(Items from a dataset)
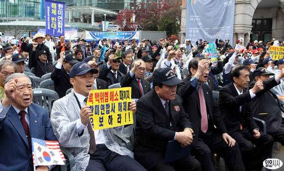 대한민국 재향군인회와 호국보훈안보단체연합회 회원들이 2일 오후 서울역광장에서 열린 '전작권 전환 및 한미연합사 해체 연기 촉구 국민대회'에 참석해 구호를 외치고 있다.
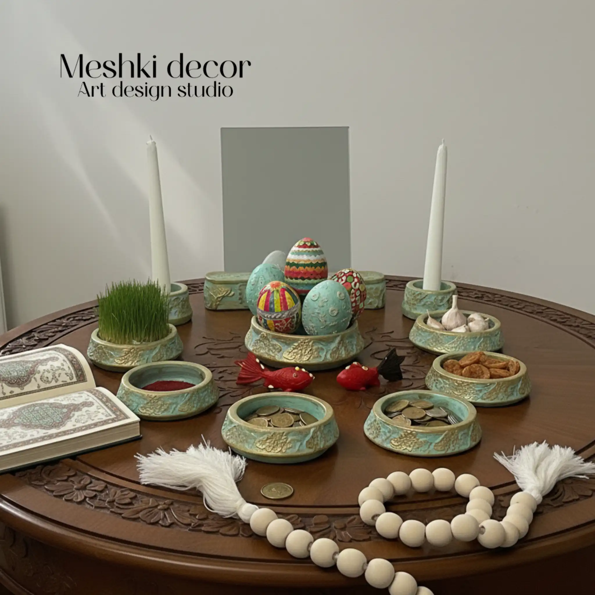 هفتسین سنتی مدل گلدار از برند مشکی دکور، محصولی کلاسیک و زیبا با طراحی اصیل ایرانی است که از جنس سنگ مصنوعی ساخته شده و با طرح گل و برگ برجسته، جلوهای طبیعی و سنتی به چیدمان نوروزی میبخشد. این مجموعه شامل ۶ ظرف قطر ۹ سانتیمتر، یک ظرف سبزه قطر ۱۳ سانتیمتر، ۲ عدد جا شمعی، پایه آینه و آینه (مجموع ۱۰ پارچه) است و در ۳ رنگ کرم کهنهکاری طلایی، سبز کهنهکاری طلایی و طوسی کهنهکاری نقرهای عرضه میشود. مناسب برای دکوراسیونهای سنتی، مینیمال یا نوروزی، این هفتسین ایرانی جدید گزینهای ایدهآل برای خانههای کوچک و بزرگ و هدیهای جذاب برای عید نوروز است.
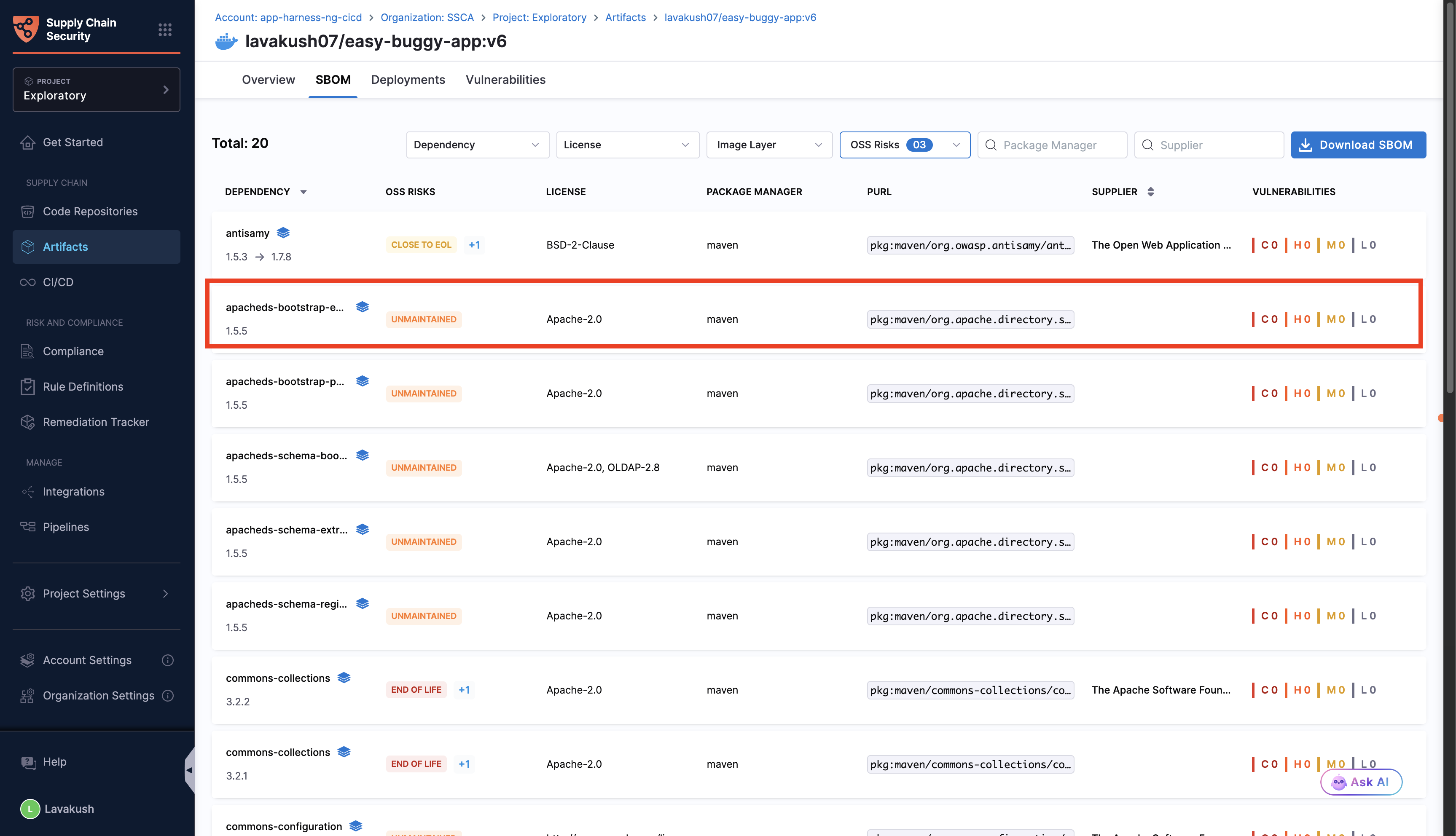 An unmaintained component is one that has not received any version upgrades in the past year. In the SBOM tab, such components are marked with an alert symbol. Create a Jira ticket to replace it with an alternative component.
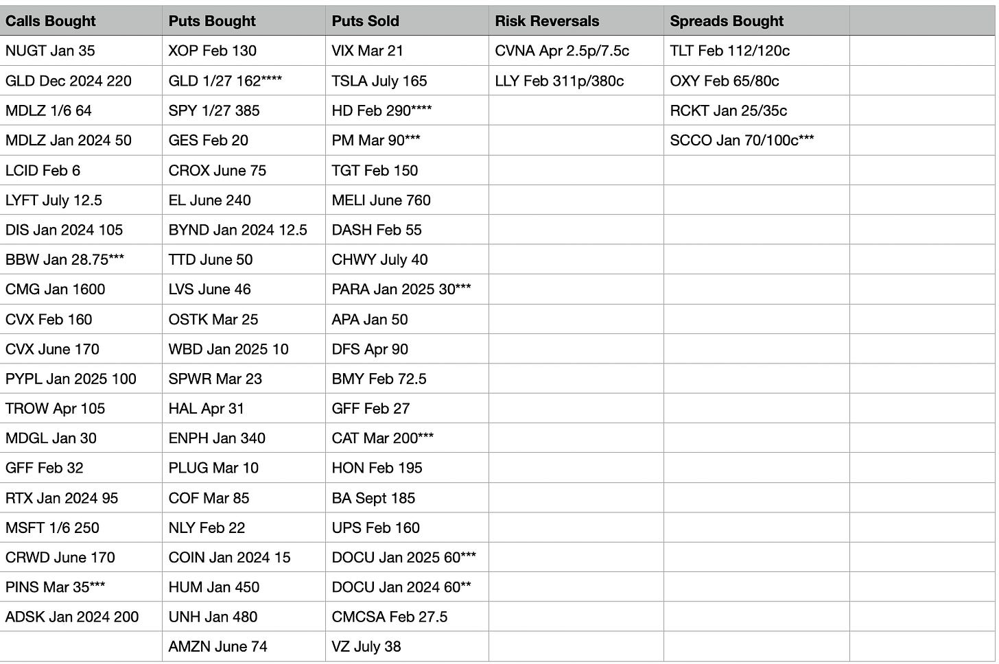 As I’ve said all year my concern isn’t so much the day to day performance of my portfolio as is the positioning I’m setting up with my short puts for where we are headed and the overall cash in the account which keeps ticking up. When you’re short puts, worst case you roll out a few weeks/months until you get the bottom you’re looking for. At this moment I’m setup nicely to where even if the market dips 5-10% in the next few weeks, my puts are all sold at much lower levels where I would be put these good names at levels with technical and fundamental backstops. Overall, the next 2 weeks are going to be very slow, volume dries up as many are out of the office until after new years. Tomorrow’s OPEX is likely the last large volume day of the year.
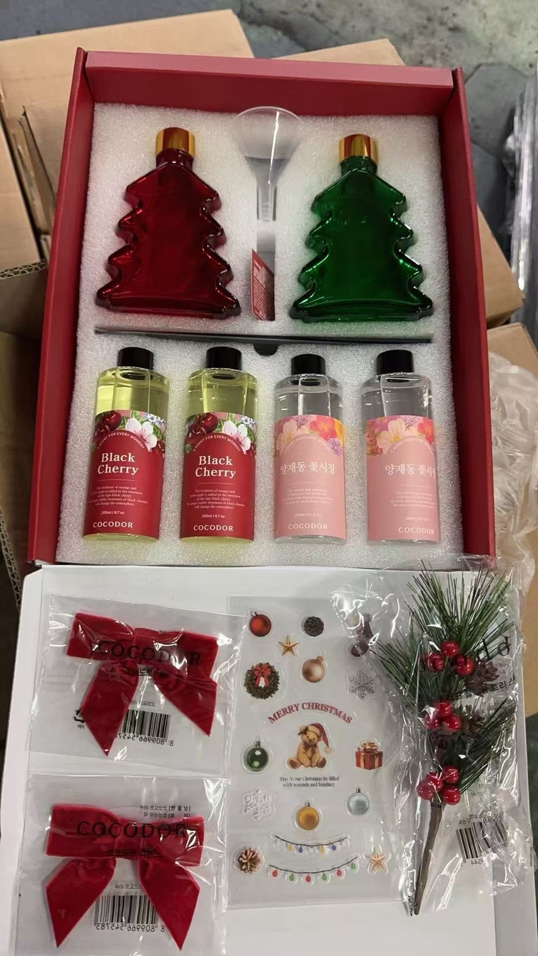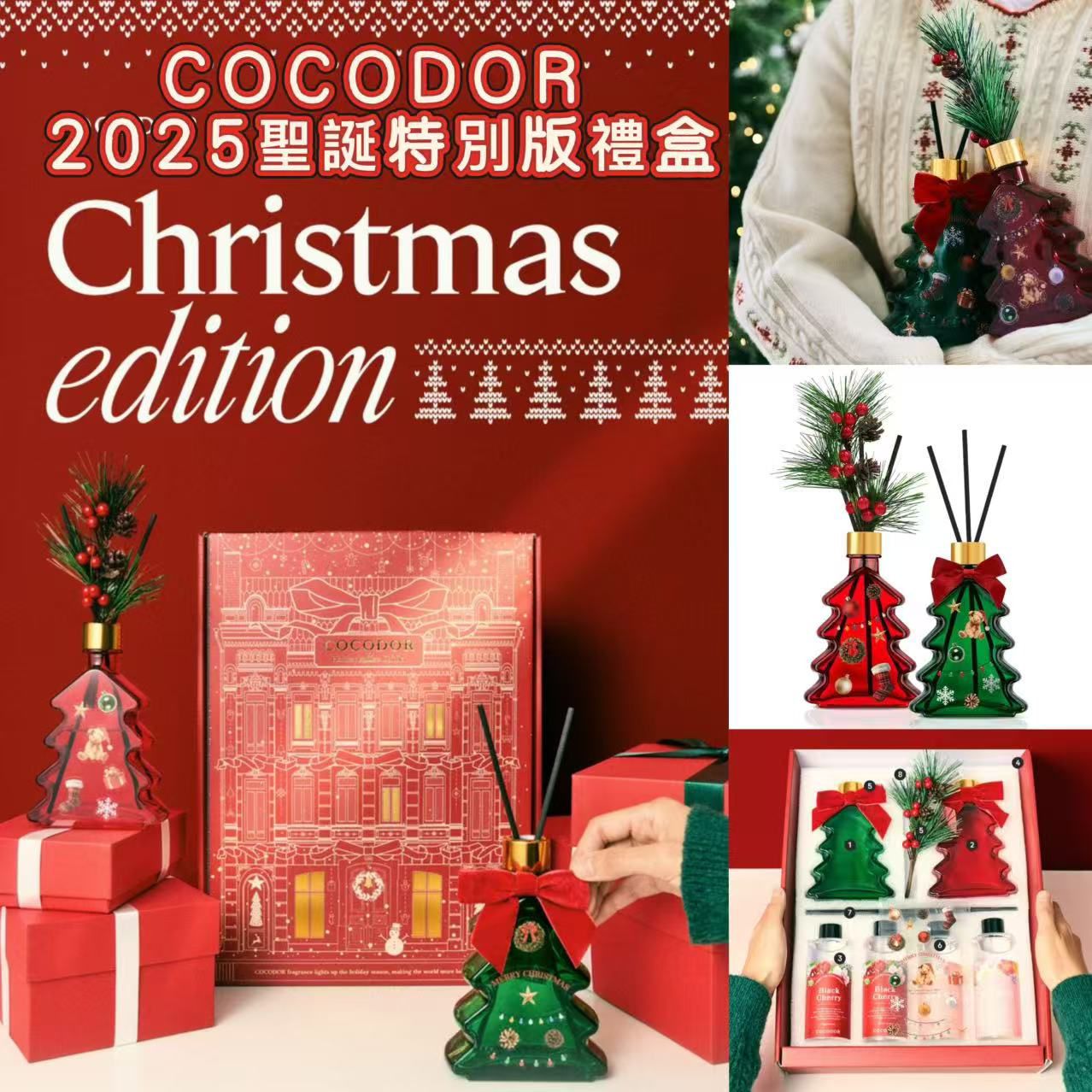 $170盒。2盒起$165盒。 COCODOR 2025聖誕特別版禮盒 11月底到 COCODOR 2025聖誕特別版禮盒: 讓饋贈時刻更特別 閃亮的裝飾、溫馨的香氣,以及一份溫暖的心意。 用 COCODOR 為您精心準備的此季禮盒, 為您珍視的人送上一份“溫暖的歲末”禮物。 禮盒內容: 1. 聖誕樹造型香薰瓶 200ml 綠色 2. 聖誕樹造型香薰瓶 200ml 紅色 · 附金色瓶蓋 2個 3. 補充液 200ml x 4瓶 4. 聖誕特別版包裝盒 (經典版) 5. 裝飾掛件 · 紅色松果掛飾 1個 / 紅色天鵝絨蝴蝶結 2個 6. DIY 貼紙 7. 藤條 10支 (黑色5支 x 2包) 8. 感謝卡 1張 味道: ·黑櫻桃 ·花卉市場 產品亮點: 亮點 01. 本身就是一份禮物的聖誕特別版包裝 採用如深紅天鵝絨般的紅色,點綴精緻的金箔細節。 即使不打開,也如同“禮物”般令人心動。 亮點 02. 充滿空間的卓越擴香力 由專業香氛品牌 COCODOR 的調香師親自嚴選高等級香原料, 經過精心調配,讓愉悅的香氣長時間瀰漫在整個空間。 亮點 03. 穀物發酵酒精基底 & 植物源提取物 採用穀物發酵酒精以及5種植物源提取物(洋甘菊、綠茶、柑橘、迷迭香、積雪草)為原料, 香氣散髮安全、無刺激,柔和而持久。 ——— COCODOR 經典香型組合: 黑櫻桃 & 花卉市場 我們將最受歡迎的兩款香調融入一次嗅覺體驗。 味道 —黑櫻桃: 前調: 青蘋果, 橙子 中調: 無花果葉, 黑櫻桃 後調: 麝香, 天芥菜 成熟黑櫻桃的深邃魅力,融合無花果的清新,營造出甜美而迷人的香氣。 味道 —花卉市場: 前調: 蘋果, 甜橙 中調: 玫瑰, 木蘭花, 小蒼蘭 後調: 琥珀, 檀香木, 麝香 彷彿捧在手中的小花束,充滿活力的生機,帶來如漫步於自然花叢中的清新花香。
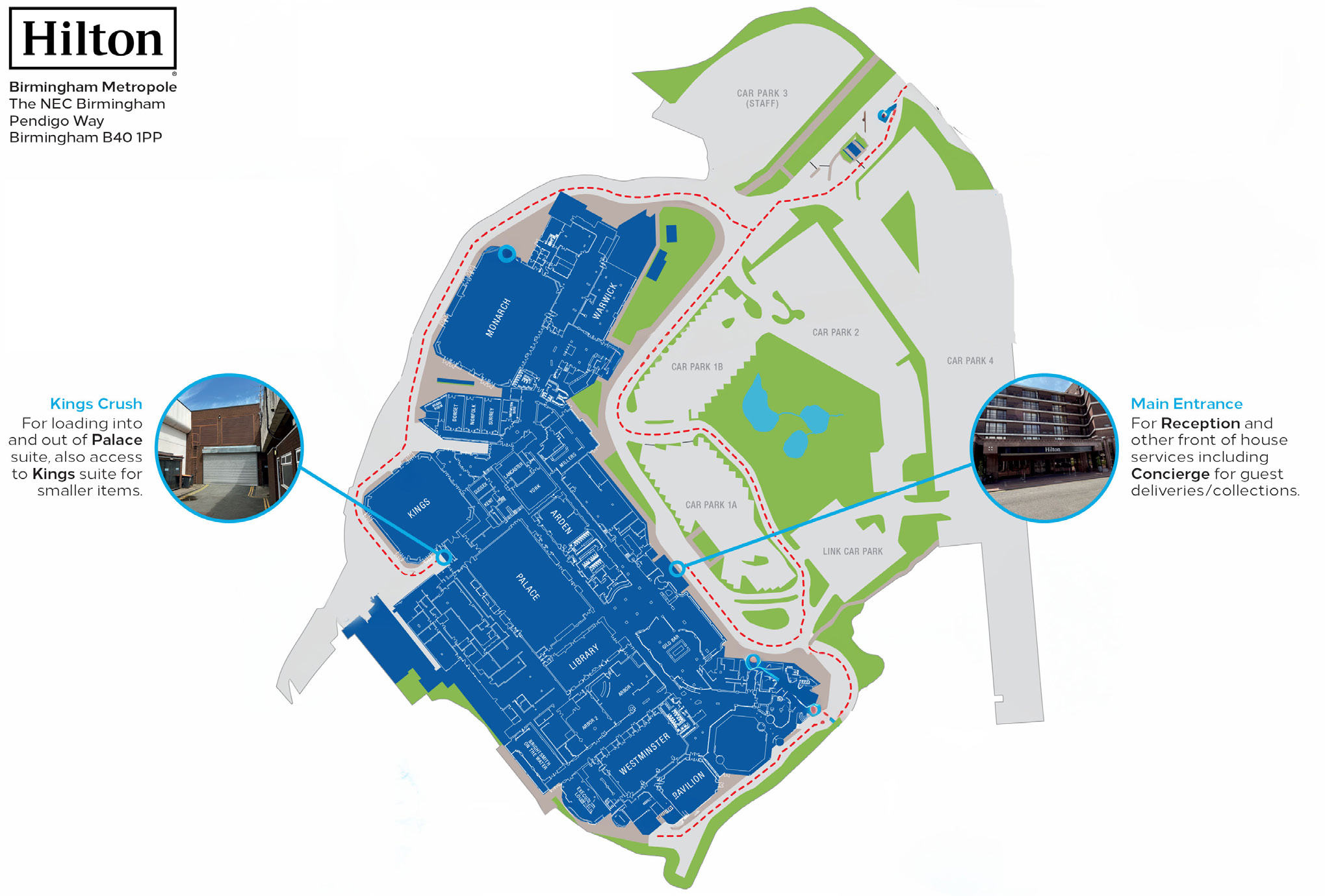 Loading and Unloading will take place at the Palace Suite, on entry to the hotel car park please turn right and press the buzzer which will connect you to the Hotel Security. They will direct you to the loading entrance of the Palace Suite for loading/unloading.
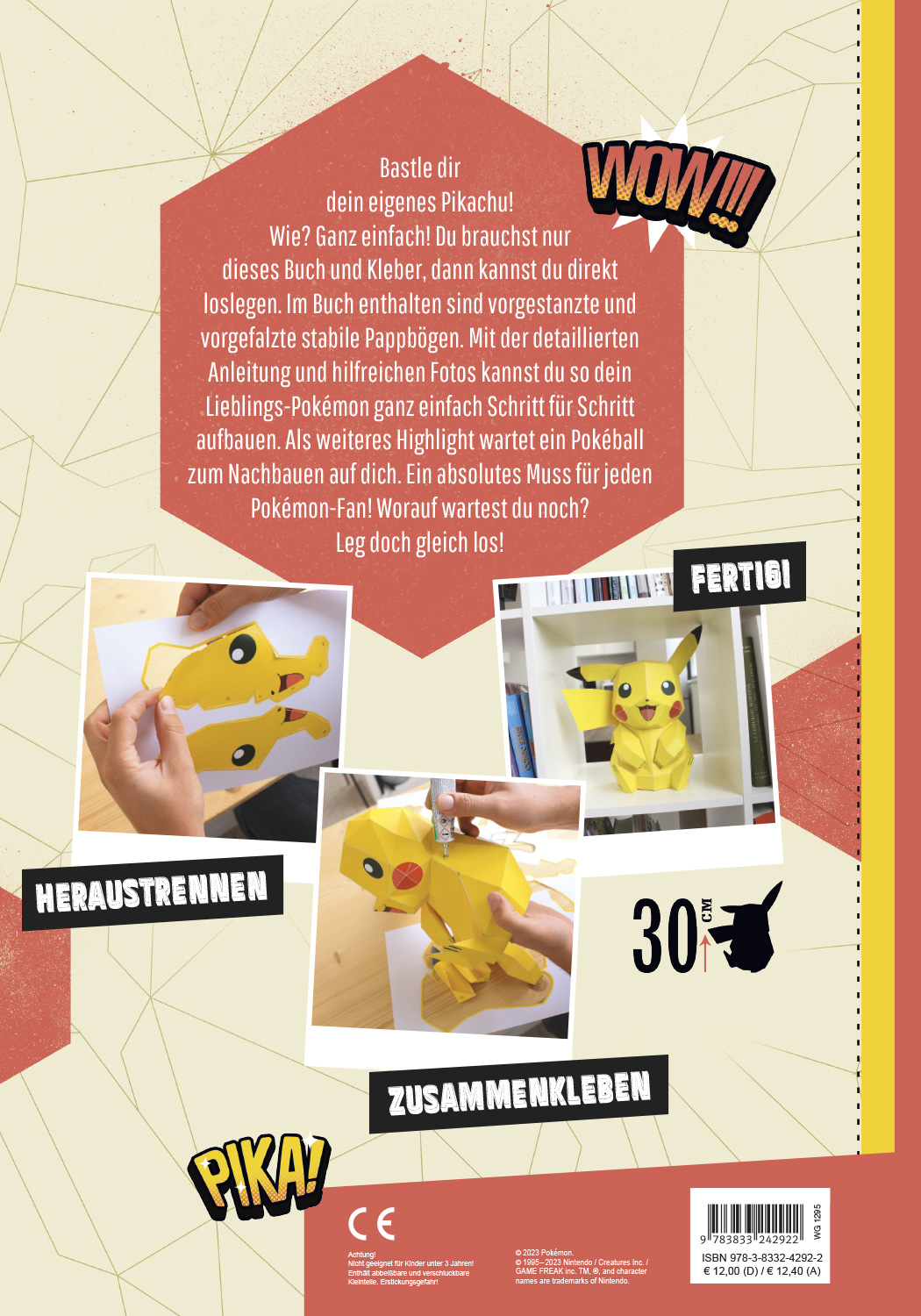 Bastle dir dein eigenes Pikachu! Wie? Ganz einfach! Du brauchst nur dieses Buch und Kleber, dann kannst du direkt loslegen. Im Buch enthalten sind vorgestanzte und vorgefalzte stabile Pappbögen. Mit der detaillierten Anleitung und hilfreichen Fotos kannst du so dein Lieblings-Pokémon ganz einfach Schritt für Schritt aufbauen. Als weiteres Highlight wartet ein Pokéball zum Nachbauen auf dich. Ein absolutes Muss für jeden Pokémon-Fan! Worauf wartest du noch? Leg doch gleich los!Heraustrennen - Zusammenkleben - Fertig!Höhe von Pikachu: 30 cm

▶ ABOUT THIS TASK: One exact copy of the data is required, and it should hold no pictures.

▶ COMPLETED TASK:
 대한민국 재향군인회와 호국보훈안보단체연합회 회원들이 2일 오후 서울역광장에서 열린 '전작권 전환 및 한미연합사 해체 연기 촉구 국민대회'에 참석해 구호를 외치고 있다.
 هفتسین سنتی مدل گلدار از برند مشکی دکور، محصولی کلاسیک و زیبا با طراحی اصیل ایرانی است که از جنس سنگ مصنوعی ساخته شده و با طرح گل و برگ برجسته، جلوهای طبیعی و سنتی به چیدمان نوروزی میبخشد. این مجموعه شامل ۶ ظرف قطر ۹ سانتیمتر، یک ظرف سبزه قطر ۱۳ سانتیمتر، ۲ عدد جا شمعی، پایه آینه و آینه (مجموع ۱۰ پارچه) است و در ۳ رنگ کرم کهنهکاری طلایی، سبز کهنهکاری طلایی و طوسی کهنهکاری نقرهای عرضه میشود. مناسب برای دکوراسیونهای سنتی، مینیمال یا نوروزی، این هفتسین ایرانی جدید گزینهای ایدهآل برای خانههای کوچک و بزرگ و هدیهای جذاب برای عید نوروز است.
 An unmaintained component is one that has not received any version upgrades in the past year. In the SBOM tab, such components are marked with an alert symbol. Create a Jira ticket to replace it with an alternative component.
 As I’ve said all year my concern isn’t so much the day to day performance of my portfolio as is the positioning I’m setting up with my short puts for where we are headed and the overall cash in the account which keeps ticking up. When you’re short puts, worst case you roll out a few weeks/months until you get the bottom you’re looking for. At this moment I’m setup nicely to where even if the market dips 5-10% in the next few weeks, my puts are all sold at much lower levels where I would be put these good names at levels with technical and fundamental backstops. Overall, the next 2 weeks are going to be very slow, volume dries up as many are out of the office until after new years. Tomorrow’s OPEX is likely the last large volume day of the year.
 $170盒。2盒起$165盒。 COCODOR 2025聖誕特別版禮盒 11月底到 COCODOR 2025聖誕特別版禮盒: 讓饋贈時刻更特別 閃亮的裝飾、溫馨的香氣,以及一份溫暖的心意。 用 COCODOR 為您精心準備的此季禮盒, 為您珍視的人送上一份“溫暖的歲末”禮物。 禮盒內容: 1. 聖誕樹造型香薰瓶 200ml 綠色 2. 聖誕樹造型香薰瓶 200ml 紅色 · 附金色瓶蓋 2個 3. 補充液 200ml x 4瓶 4. 聖誕特別版包裝盒 (經典版) 5. 裝飾掛件 · 紅色松果掛飾 1個 / 紅色天鵝絨蝴蝶結 2個 6. DIY 貼紙 7. 藤條 10支 (黑色5支 x 2包) 8. 感謝卡 1張 味道: ·黑櫻桃 ·花卉市場 產品亮點: 亮點 01. 本身就是一份禮物的聖誕特別版包裝 採用如深紅天鵝絨般的紅色,點綴精緻的金箔細節。 即使不打開,也如同“禮物”般令人心動。 亮點 02. 充滿空間的卓越擴香力 由專業香氛品牌 COCODOR 的調香師親自嚴選高等級香原料, 經過精心調配,讓愉悅的香氣長時間瀰漫在整個空間。 亮點 03. 穀物發酵酒精基底 & 植物源提取物 採用穀物發酵酒精以及5種植物源提取物(洋甘菊、綠茶、柑橘、迷迭香、積雪草)為原料, 香氣散髮安全、無刺激,柔和而持久。 ——— COCODOR 經典香型組合: 黑櫻桃 & 花卉市場 我們將最受歡迎的兩款香調融入一次嗅覺體驗。 味道 —黑櫻桃: 前調: 青蘋果, 橙子 中調: 無花果葉, 黑櫻桃 後調: 麝香, 天芥菜 成熟黑櫻桃的深邃魅力,融合無花果的清新,營造出甜美而迷人的香氣。 味道 —花卉市場: 前調: 蘋果, 甜橙 中調: 玫瑰, 木蘭花, 小蒼蘭 後調: 琥珀, 檀香木, 麝香 彷彿捧在手中的小花束,充滿活力的生機,帶來如漫步於自然花叢中的清新花香。
 Loading and Unloading will take place at the Palace Suite, on entry to the hotel car park please turn right and press the buzzer which will connect you to the Hotel Security. They will direct you to the loading entrance of the Palace Suite for loading/unloading.
 Bastle dir dein eigenes Pikachu! Wie? Ganz einfach! Du brauchst nur dieses Buch und Kleber, dann kannst du direkt loslegen. Im Buch enthalten sind vorgestanzte und vorgefalzte stabile Pappbögen. Mit der detaillierten Anleitung und hilfreichen Fotos kannst du so dein Lieblings-Pokémon ganz einfach Schritt für Schritt aufbauen. Als weiteres Highlight wartet ein Pokéball zum Nachbauen auf dich. Ein absolutes Muss für jeden Pokémon-Fan! Worauf wartest du noch? Leg doch gleich los!Heraustrennen - Zusammenkleben - Fertig!Höhe von Pikachu: 30 cm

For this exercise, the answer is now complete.